Global test for differences in survival curves across diagnoses. Pairwise analysis done (not shown) to detect individual differences.

Disease Location (see “Subdivision of Data” in methods for details)

Figure III — by: (A) treatment era, (B) disease extent, (C) diagnosis, and (D) disease location; (n=777).

Analysis by country

Treatment abandonment and survival differed by country. Details of this analysis and correlation with cancer-infrastructure and health and economic indicators will be reported separately. In brief, treatment abandonment rate ranged from 1% in Costa Rica to 38% in Honduras. Abandonment-sensitive OS (AOS) ranged from 23.5% in Panama and 47.1% in Costa Rica.

DISCUSSION

This retrospective review of pediatric sarcoma outcomes in Central America documents a significant survival gap despite improved access to multimodal therapy and indicates that high burden of metastatic disease at diagnosis, high rate of treatment abandonment, and difficulty with upfront treatment effectiveness are likely drivers for the poor outcomes observed. To our knowledge, this study reviews the largest cohort of pediatric sarcoma cases from the developing world and provides relevant information for comprehensive cancer survival analysis in developing countries.

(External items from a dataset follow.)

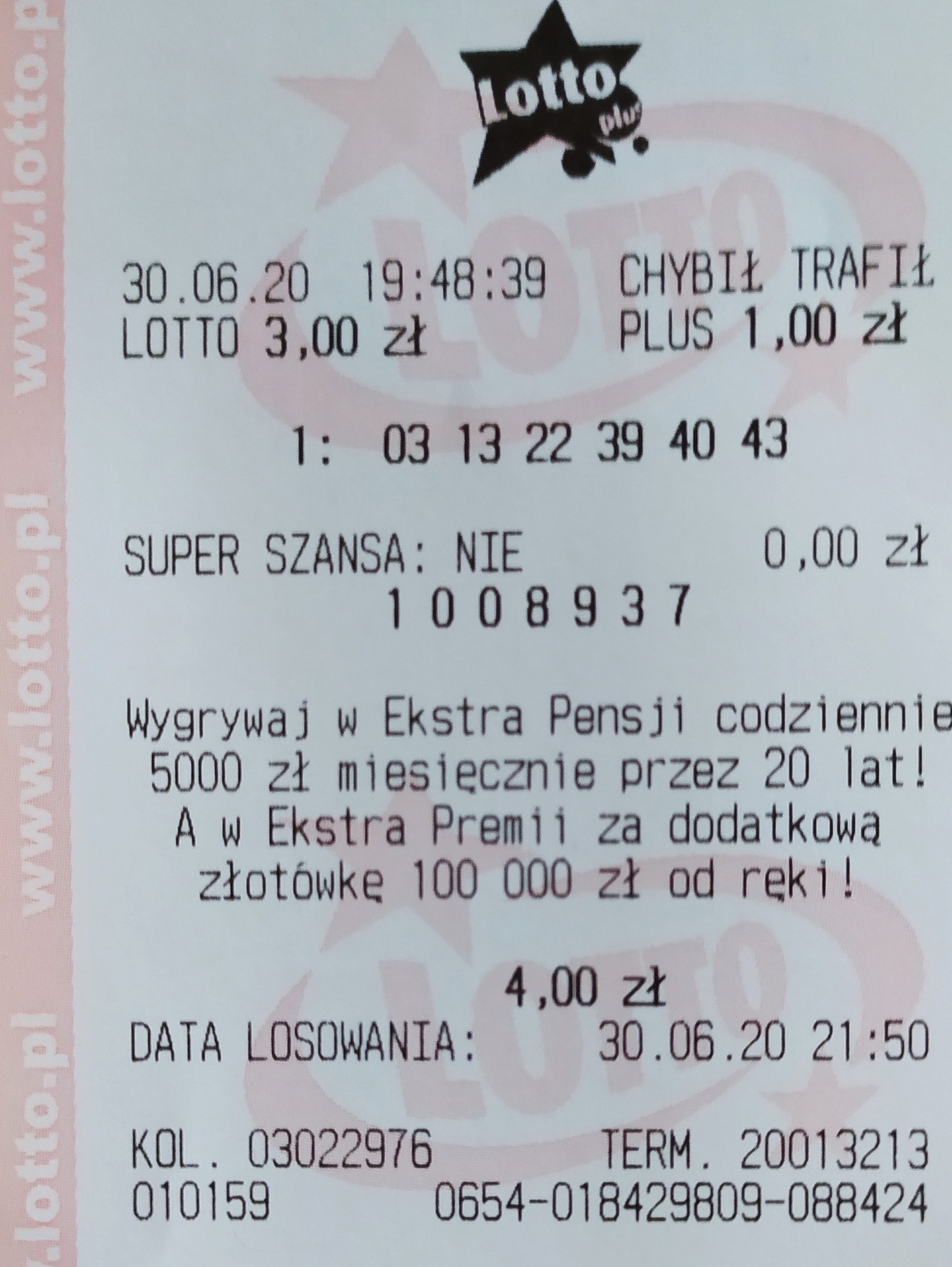 Moje wnioski - wszystkie moje wygrane w którąkolwiek grę liczbową powyżej 30 ZŁ były na chybił trafił
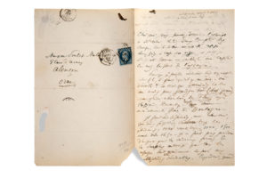 sur grand papier. Baudelaire parle tout d'abord d'un billet d'escompte qu'il a du mal à toucher, qui lui a été refusé deux fois, la seconde fois parce que «je suis allé comme un imbécile me casser le nez le jour de l'Ascension». Puis il en vient à son livre: «Pour que je puisse acheter des exempl. sur fil, il faut qu'il y en ait. Où sont-ils? Et moi qui attendais cela, au moins pour Grandguillot (chose grave)» [Grandguillot était directeur du Constitutionnel]. Il ira «chercher les Fleurs» [les poèmes pour la seconde édition des Fleurs du Mal, restés à Honfleur] après avoir réglé l'affaire Duranty... Poulet-Malassis devra désormais faire «comme tous les éditeurs: 1000 veut dire 1100, 1500 veut dire 1650. Il ne faut pas perdre d'argent par les cadeaux forcés. Et ce surplus autorisé par tous les usages doit être entièrement consacré aux obligations inévitables. Cependant, quand le tirage est de 6000 (6600), je n'ai pas la prétention de donner 600 exempl. [...] vous auriez dû prévoir le cas, et en faisant comme tout le monde, vous auriez évité de m'imposer une économie embarrassante». Il le remercie «pour le Chine; mais cela implique-t-il que je n'aurai pas de Hollande? [...] Je me résigne au malheur de Saint-Victor, de Gaiffe et de Du Camp. Mais Janin et surtout Grandguillot!»... Il signale une coquille page 14.L.A.S. "C.B", [Paris 18 May 1860], to his publisher Auguste POULET -MALASSIS in Alençon; 2 pages in-8, address with stamp (corner torn without loss of text). On the printing of Paradis Artificiels and the large paper copies. Baudelaire speaks first of a discount note that he had trouble getting, which was refused twice, the second time because "I went like a fool to break my nose on Ascension Day. Then he comes to his book: "For me to buy copies on the wire, there must be some. Where are they? And I was waiting for that, at least for Grandguillot (a serious matter)" [Grandguillot was director of the Constitutionnel]. He will go "to fetch the Flowers" [the poems for the second edition of the Fleurs du Mal, left in Honfleur] after having settled the Duranty affair... Poulet-Malassis will now have to do "as all publishers do: 1000 means 1100, 1500 means 1650. One must not lose money by forced gifts. And this surplus, authorized by all customs, must be entirely devoted to the inevitable obligations. However, when the circulation is 6000 (6600), I do not pretend to give 600 copies. [...] you should have foreseen the case, and by doing as everyone else does, you would have avoided imposing an embarrassing economy on me." He thanks him "for the China; but does that imply that I will not have any Holland? [...] I resign myself to the misfortune of Saint-Victor, Gaiffe and Du Camp. But Janin and especially Grandguillot!"... He points out a typo on page 14.
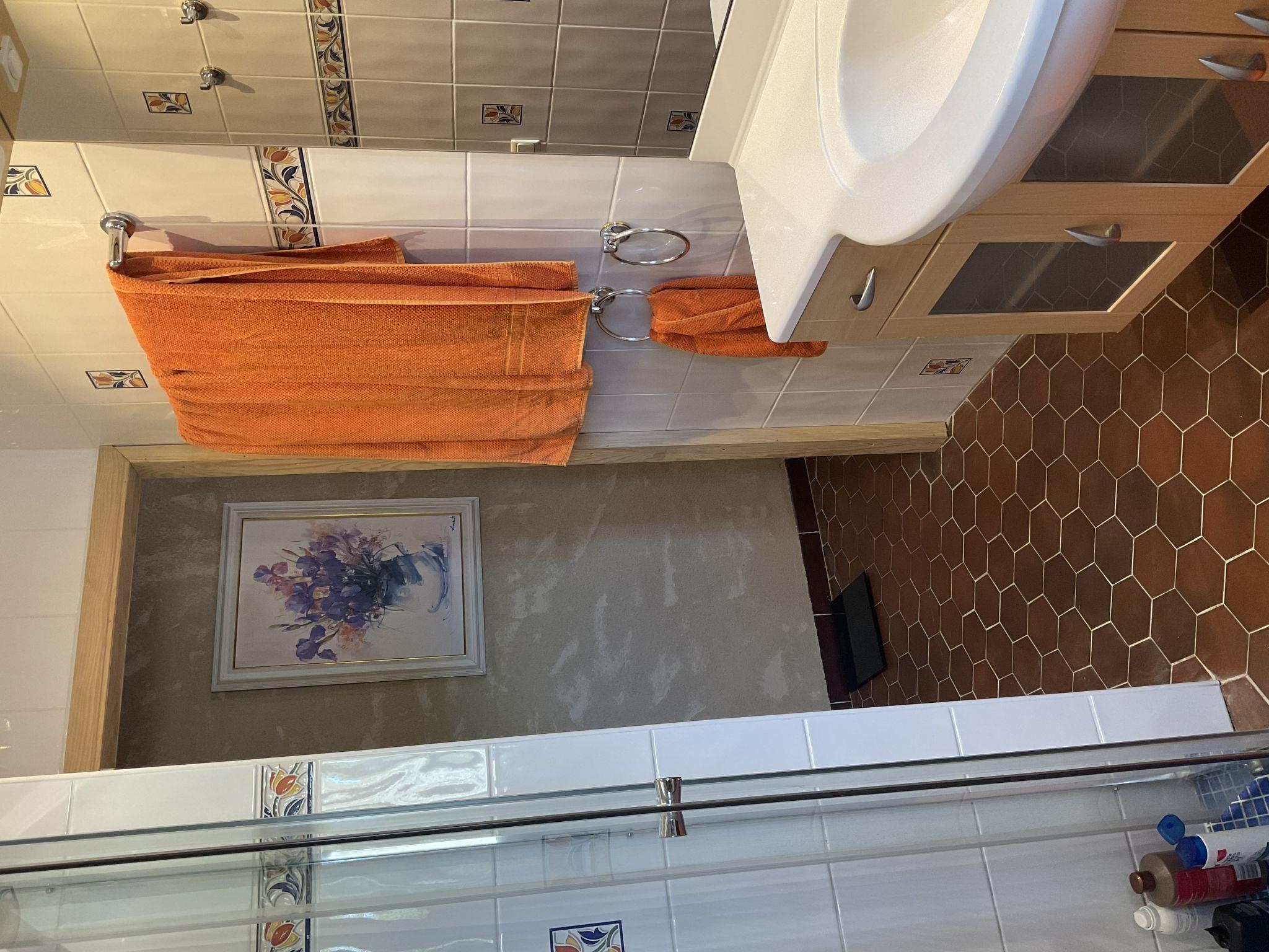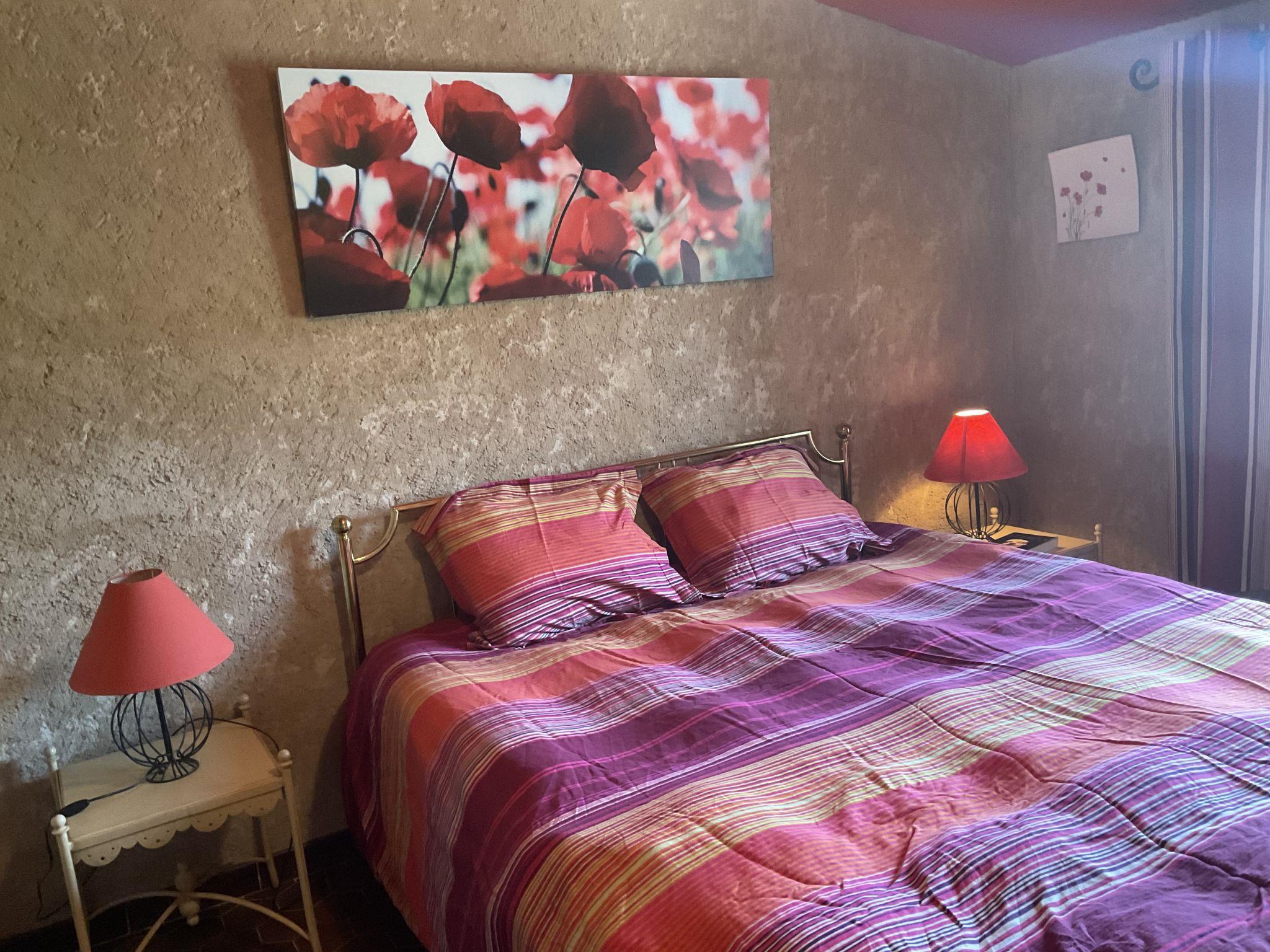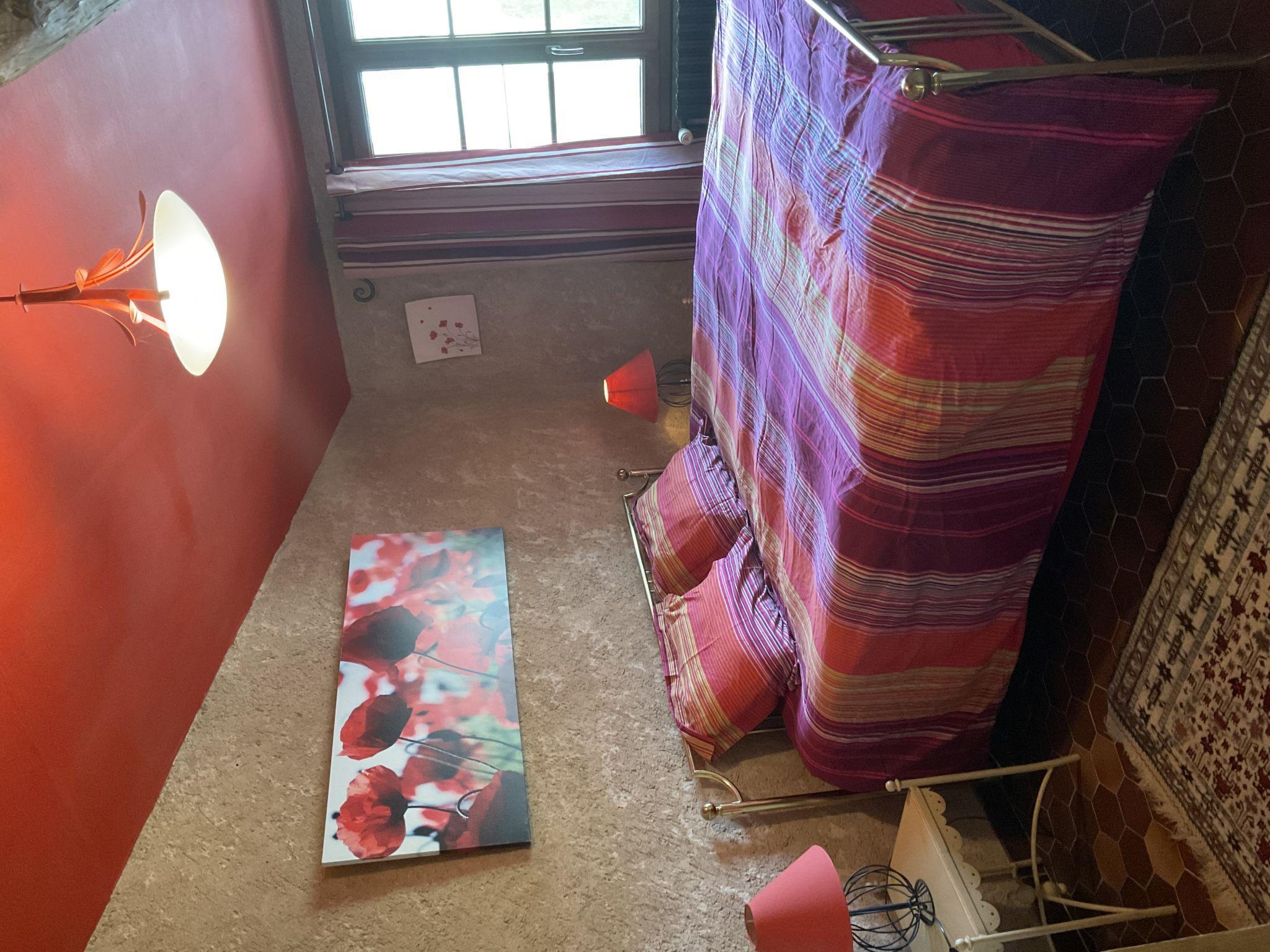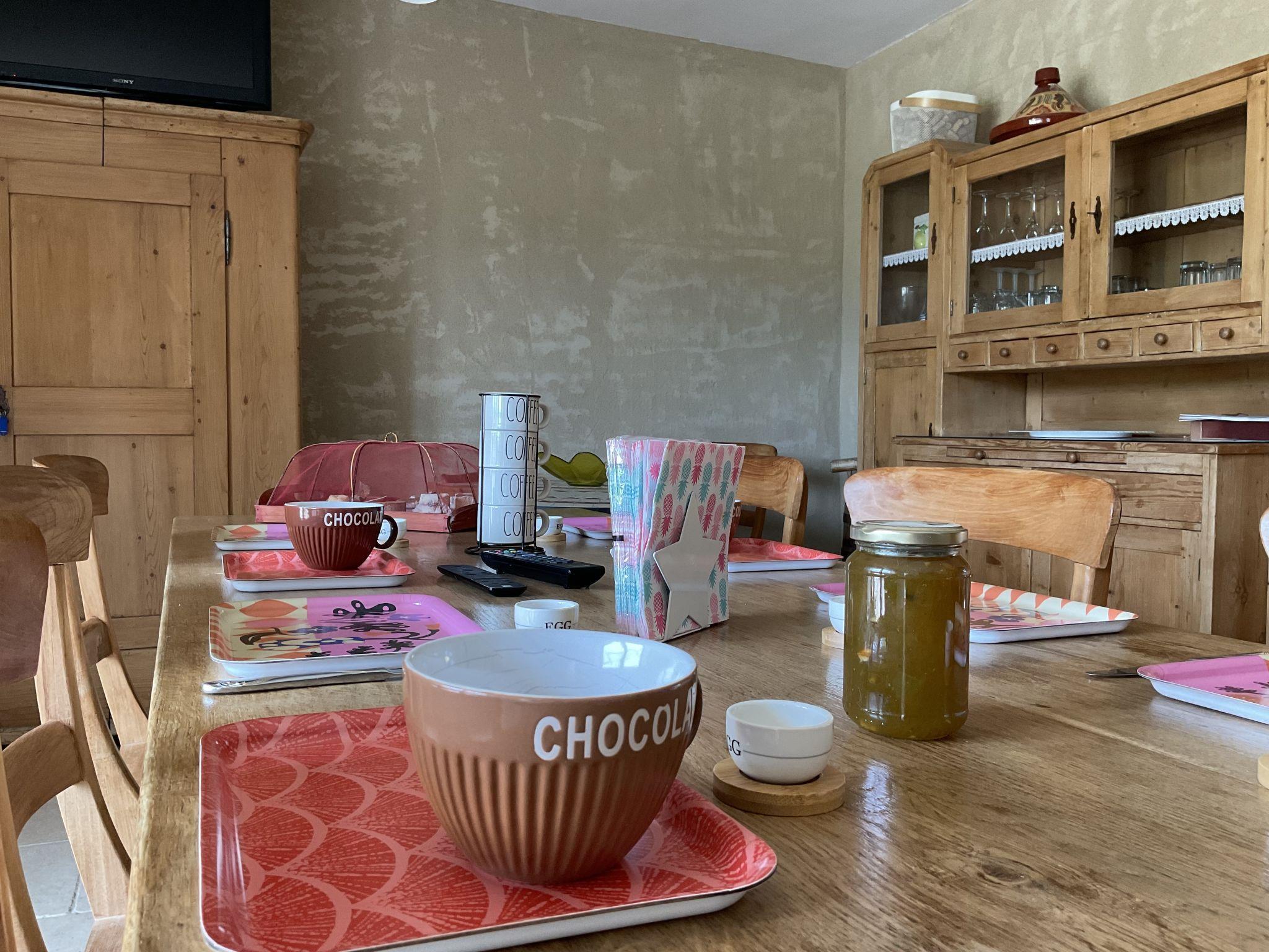 "La Princesse", 6-room house 250 m2 on 2 levels. Comfortable and tasteful furnishings: living/dining room with open-hearth fireplace, dining table, satellite TV, hi-fi system and DVD. Large kitchen (oven, dishwasher, 5 ceramic glass hob hotplates, toaster, kettle, microwave, freezer, electric coffee machine, raclette grill, cooking island, fondue Set (cheese)) with open-hearth fireplace (only for decoration), dining table. Exit to the terrace. Sep. WC. Upper floor: 1 double bedroom with 1 double bed (160 cm), shower/WC. 1 room with 2 beds. 1 room with 1 french bed (160 cm). 1 room with 2 beds (90 cm), 1 x 2 bunk beds, separate WC and shower. 1 double bedroom with 1 double bed (160 cm). Bath/shower, 2 sep. WC's. Oil heating. Natural stone floors. 3 terraces. Terrace furniture, barbecue, deck chairs (8), box-room. View of the countryside. Facilities: washing machine, safe, iron, mosquito net, children's high chair, baby cot. Internet (WiFi, free). Please note: non-smoking house. When there are less than the maximum number of guests staying at the property, not all of the bedrooms will be available for use.

Due to lack of regional cancer registries, generalizability of our cohort cannot be fully ascertained. However, based on reported cancer incidence from Costa Rica, the cohort could represent up to two thirds of the expected cases, particularly during the second analytic period. Therefore, our results are likely the closest approximation to the true overall clinical presentation and outcomes of children with pediatric sarcoma in Central America.

One interesting variation in disease distribution was noted; while RMS histology for the cohort was similar compared to HIC, the proportion of alveolar RMS was notably higher (48%) in Guatemala. This supports prior observations of increased incidence of retinoblastoma, decreased incidence of neuroblastoma and high proportion of alveolar rhabdomyosarcoma in Guatemala^{8, 32}. Comprehensive etiological studies merging cancer-epidemiology and tumor biology in LMCs are lacking and potential genetic and environmental modifiers of tumor behavior have not been fully explored. Studies confirming pathologic diagnostic accuracy, followed by studies integrating genetics, environment, and cancer biology would be of great value to the region.

A high proportion of patients presented with metastatic disease. In sarcomas, advanced disease translates into higher upfront risk-group assignment, more chemotherapy, difficulty achieving complete surgical resection and increased reliance on radiation therapy to achieve adequate local control. Therefore, advanced disease impacts outcomes and imposes further pressure on already overburdened healthcare systems. Advanced disease at presentation is most often attributed to delayed diagnosis and this is the leading argument for national media and educational campaigns. Short term impact of such programs has been documented in Honduras, where a retinoblastoma education program linked to a national vaccination campaign increased referrals and decreased presentation with extraocular spread³³. Bundled strategies that educate child advocates, the general public and health care providers on referral process, treatment availability and improved curability of low stage disease, has the potential to impact this driver of poor outcomes and merits further support.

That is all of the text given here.